Data to examine
···

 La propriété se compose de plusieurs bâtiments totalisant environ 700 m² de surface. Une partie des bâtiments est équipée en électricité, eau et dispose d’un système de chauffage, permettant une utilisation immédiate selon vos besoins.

···

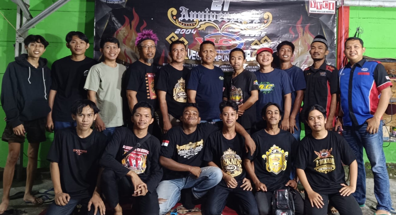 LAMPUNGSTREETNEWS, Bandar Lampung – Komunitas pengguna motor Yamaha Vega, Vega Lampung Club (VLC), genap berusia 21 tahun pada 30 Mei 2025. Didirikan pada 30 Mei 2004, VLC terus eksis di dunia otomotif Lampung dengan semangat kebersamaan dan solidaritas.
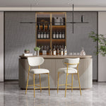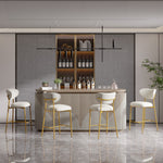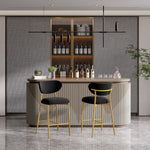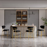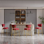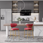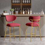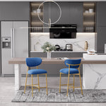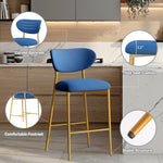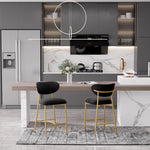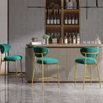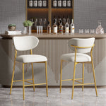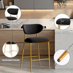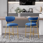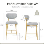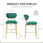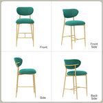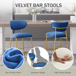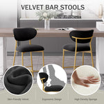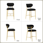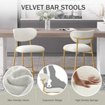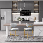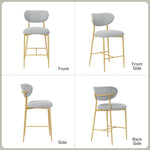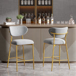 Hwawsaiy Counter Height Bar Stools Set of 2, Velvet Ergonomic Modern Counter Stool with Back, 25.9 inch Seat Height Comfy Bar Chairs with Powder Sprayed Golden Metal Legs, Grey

···

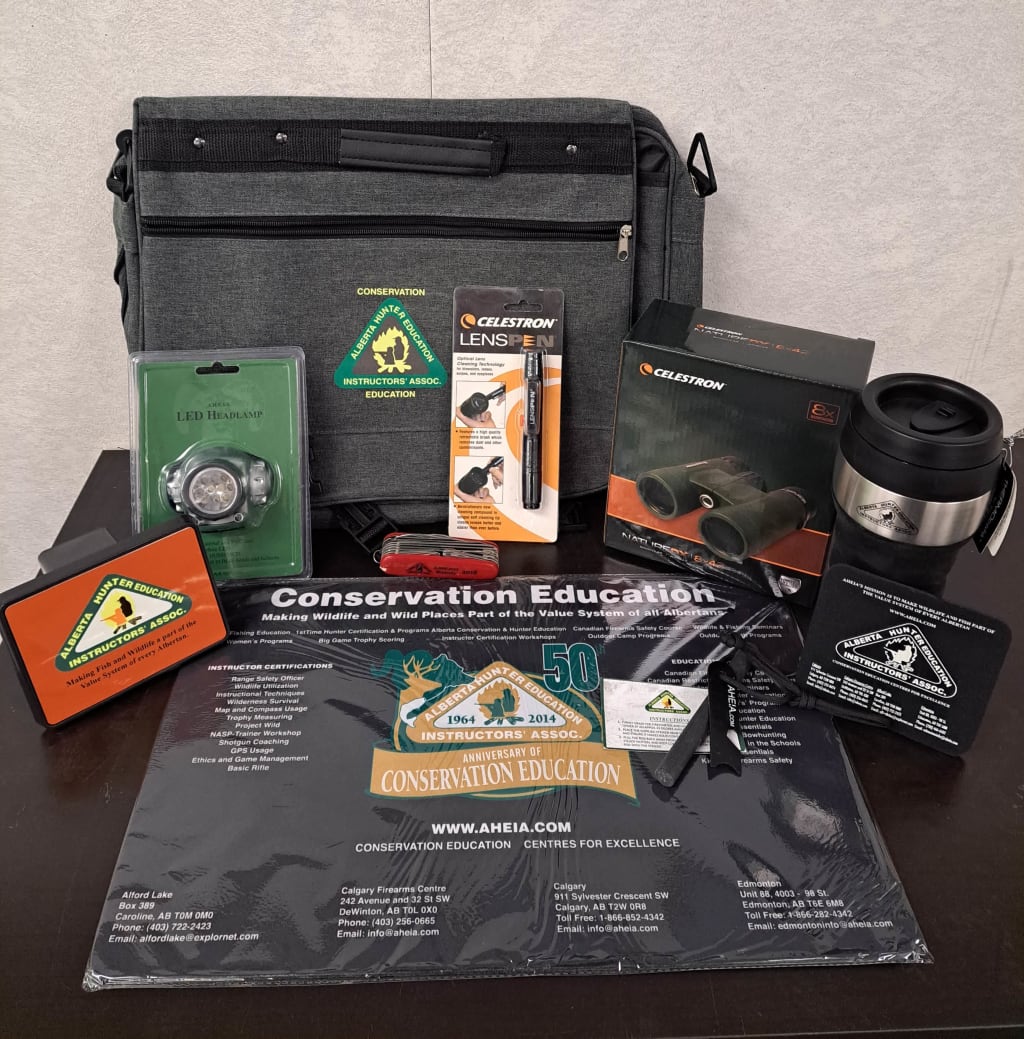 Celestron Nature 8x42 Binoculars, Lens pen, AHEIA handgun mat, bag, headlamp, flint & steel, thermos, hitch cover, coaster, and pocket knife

···

What is expected
Set the pictures aside and reproduce exactly the lines above, from the line holding "LAMPUNGSTREETNEWS, Bandar Lampung" through the line holding "Hwawsaiy Counter Height", both included, with nothing else.

Your response
 LAMPUNGSTREETNEWS, Bandar Lampung – Komunitas pengguna motor Yamaha Vega, Vega Lampung Club (VLC), genap berusia 21 tahun pada 30 Mei 2025. Didirikan pada 30 Mei 2004, VLC terus eksis di dunia otomotif Lampung dengan semangat kebersamaan dan solidaritas.
 Hwawsaiy Counter Height Bar Stools Set of 2, Velvet Ergonomic Modern Counter Stool with Back, 25.9 inch Seat Height Comfy Bar Chairs with Powder Sprayed Golden Metal Legs, Grey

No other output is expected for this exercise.